> **Work order**: Exercise in exact copying: restate word for word only the lines below from the one containing "Little Sahara State" through the one containing "Подсвечник металл на", omitting any pictures.

> **Records shown**:
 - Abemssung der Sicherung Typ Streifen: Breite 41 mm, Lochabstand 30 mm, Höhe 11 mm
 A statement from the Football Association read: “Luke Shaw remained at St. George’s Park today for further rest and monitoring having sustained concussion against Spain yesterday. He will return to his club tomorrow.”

==

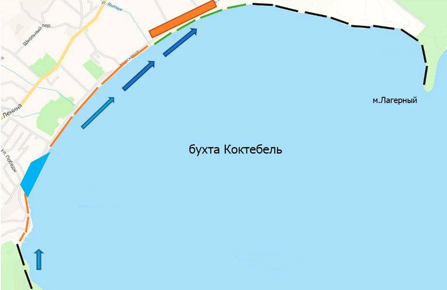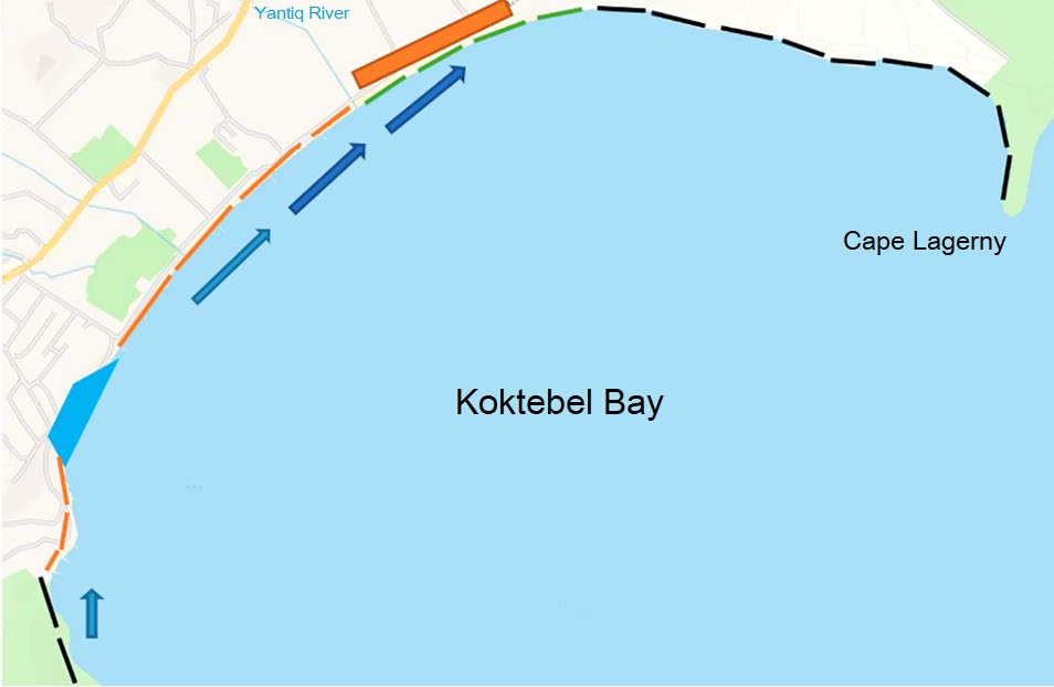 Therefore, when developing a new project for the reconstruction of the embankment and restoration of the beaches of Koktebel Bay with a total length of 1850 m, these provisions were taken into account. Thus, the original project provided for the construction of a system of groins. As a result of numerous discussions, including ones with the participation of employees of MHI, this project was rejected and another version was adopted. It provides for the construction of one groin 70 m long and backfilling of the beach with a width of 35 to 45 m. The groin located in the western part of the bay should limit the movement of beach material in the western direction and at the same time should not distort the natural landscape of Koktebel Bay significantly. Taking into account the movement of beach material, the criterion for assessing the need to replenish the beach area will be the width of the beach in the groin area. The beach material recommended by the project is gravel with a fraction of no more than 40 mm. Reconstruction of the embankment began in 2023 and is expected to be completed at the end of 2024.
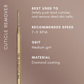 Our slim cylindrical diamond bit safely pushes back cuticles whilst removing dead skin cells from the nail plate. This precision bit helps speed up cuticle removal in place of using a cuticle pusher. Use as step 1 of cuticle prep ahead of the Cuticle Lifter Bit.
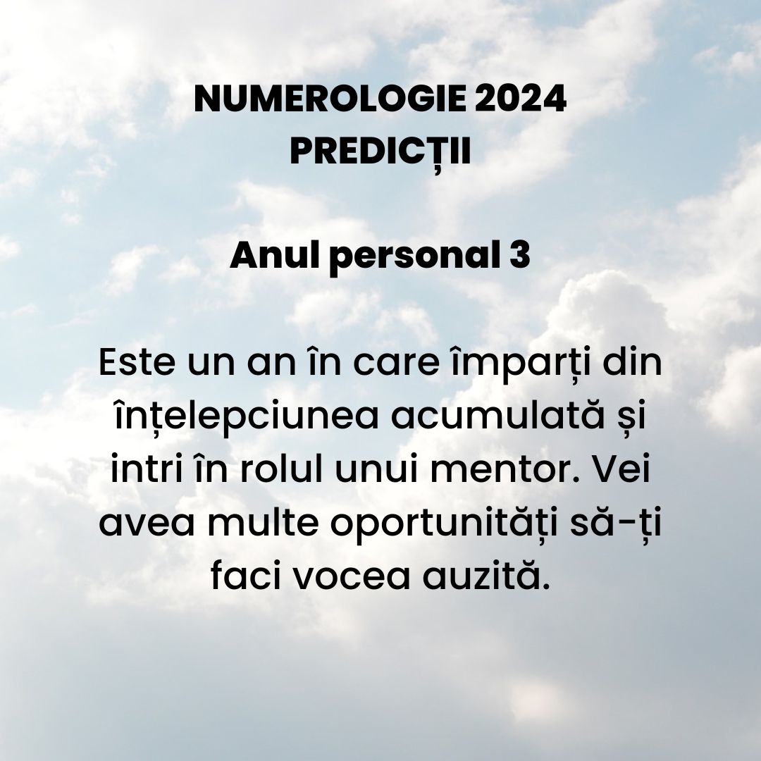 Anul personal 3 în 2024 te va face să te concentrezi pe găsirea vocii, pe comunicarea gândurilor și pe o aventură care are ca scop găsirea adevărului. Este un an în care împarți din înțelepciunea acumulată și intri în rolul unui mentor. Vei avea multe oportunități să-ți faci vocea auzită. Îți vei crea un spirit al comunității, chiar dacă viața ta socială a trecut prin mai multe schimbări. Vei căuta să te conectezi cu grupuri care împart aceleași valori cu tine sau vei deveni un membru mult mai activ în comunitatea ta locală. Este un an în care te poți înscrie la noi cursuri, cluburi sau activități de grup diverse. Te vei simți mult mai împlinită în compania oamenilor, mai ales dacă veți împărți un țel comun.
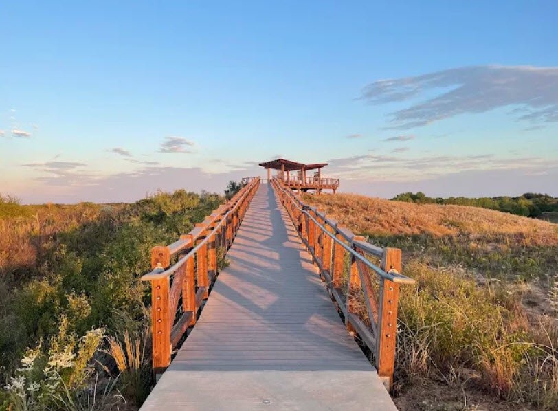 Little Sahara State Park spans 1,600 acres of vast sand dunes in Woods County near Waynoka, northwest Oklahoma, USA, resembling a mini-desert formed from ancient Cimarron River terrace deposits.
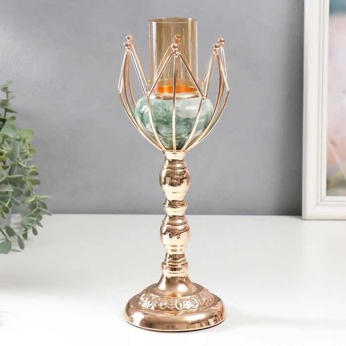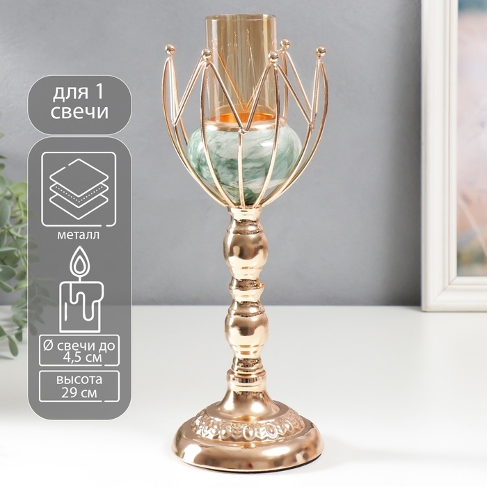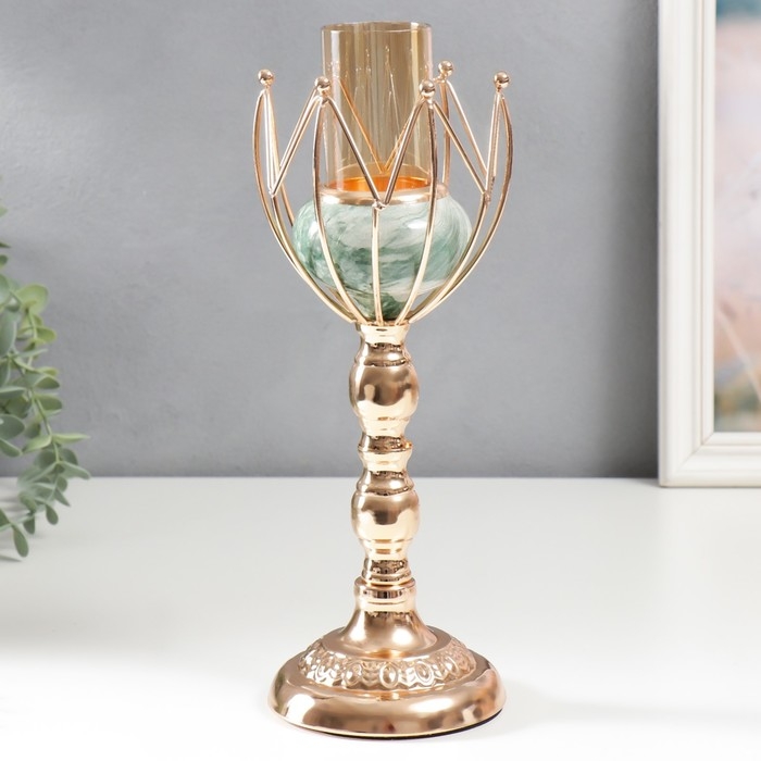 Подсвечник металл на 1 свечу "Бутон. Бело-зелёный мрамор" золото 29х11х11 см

> **Exercise output**:
 Little Sahara State Park spans 1,600 acres of vast sand dunes in Woods County near Waynoka, northwest Oklahoma, USA, resembling a mini-desert formed from ancient Cimarron River terrace deposits.
 Подсвечник металл на 1 свечу "Бутон. Бело-зелёный мрамор" золото 29х11х11 см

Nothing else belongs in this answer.